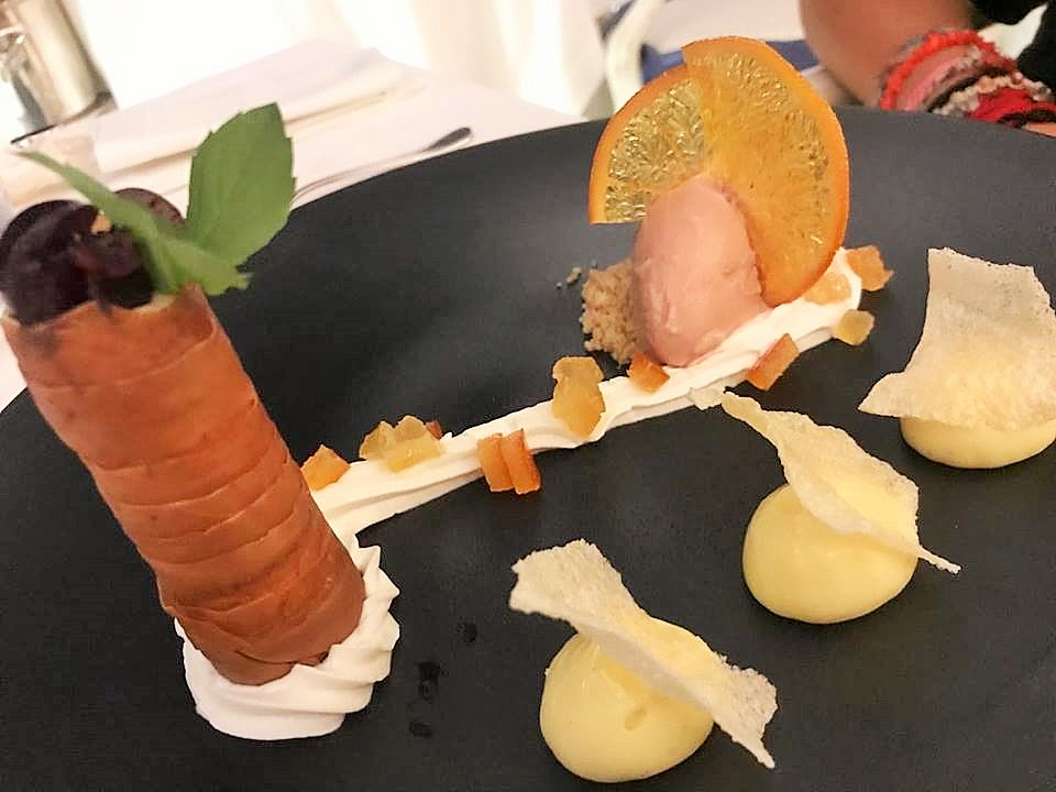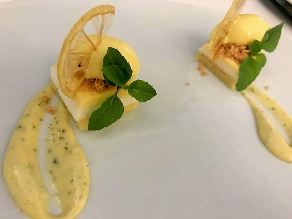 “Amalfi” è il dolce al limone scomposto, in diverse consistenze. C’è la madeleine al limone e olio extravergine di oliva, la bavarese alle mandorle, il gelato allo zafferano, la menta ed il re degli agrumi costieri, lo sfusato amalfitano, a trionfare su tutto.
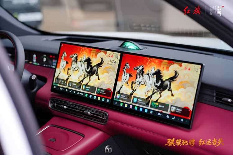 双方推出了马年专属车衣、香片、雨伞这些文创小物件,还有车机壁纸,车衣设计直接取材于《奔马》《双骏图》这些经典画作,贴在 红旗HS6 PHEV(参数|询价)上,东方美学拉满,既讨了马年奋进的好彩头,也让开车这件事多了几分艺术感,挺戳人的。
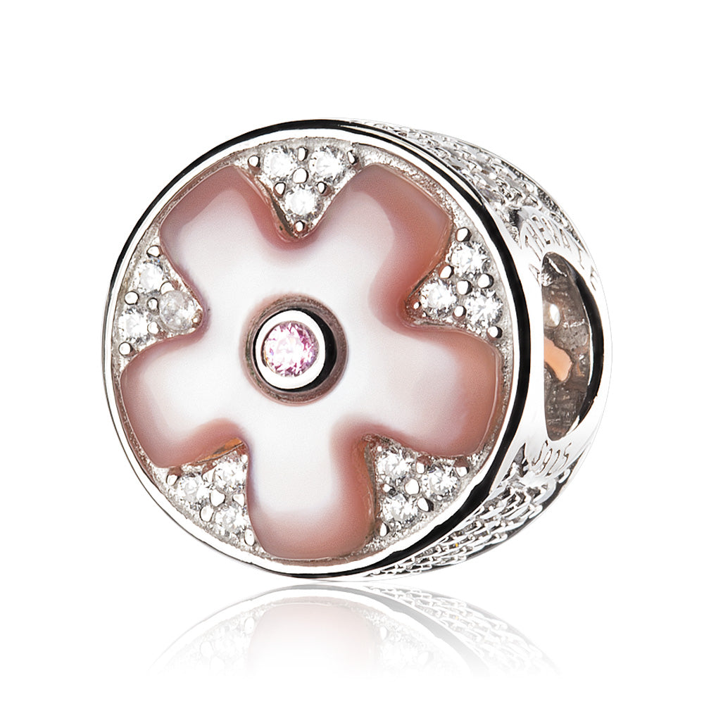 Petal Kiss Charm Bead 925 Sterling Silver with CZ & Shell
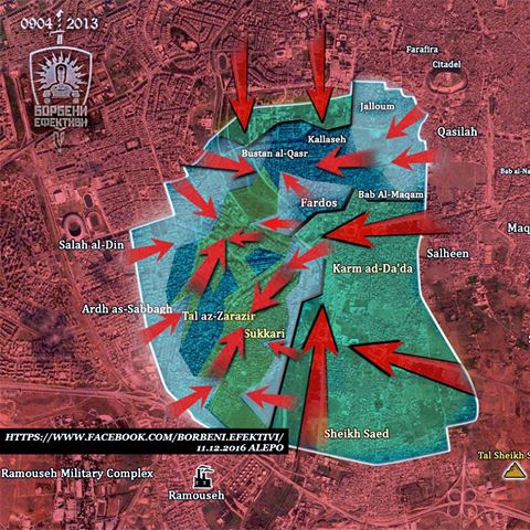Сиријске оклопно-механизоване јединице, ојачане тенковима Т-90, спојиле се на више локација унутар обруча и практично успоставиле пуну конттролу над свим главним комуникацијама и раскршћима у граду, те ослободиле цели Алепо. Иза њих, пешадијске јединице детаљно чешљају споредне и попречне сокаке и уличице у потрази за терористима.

Work instruction:
Print exactly the span of lines that begins with the line containing "Petal Kiss Charm" and ends with the last line of the listing, with no pictures.

Answer below:
 Petal Kiss Charm Bead 925 Sterling Silver with CZ & Shell
Сиријске оклопно-механизоване јединице, ојачане тенковима Т-90, спојиле се на више локација унутар обруча и практично успоставиле пуну конттролу над свим главним комуникацијама и раскршћима у граду, те ослободиле цели Алепо. Иза њих, пешадијске јединице детаљно чешљају споредне и попречне сокаке и уличице у потрази за терористима.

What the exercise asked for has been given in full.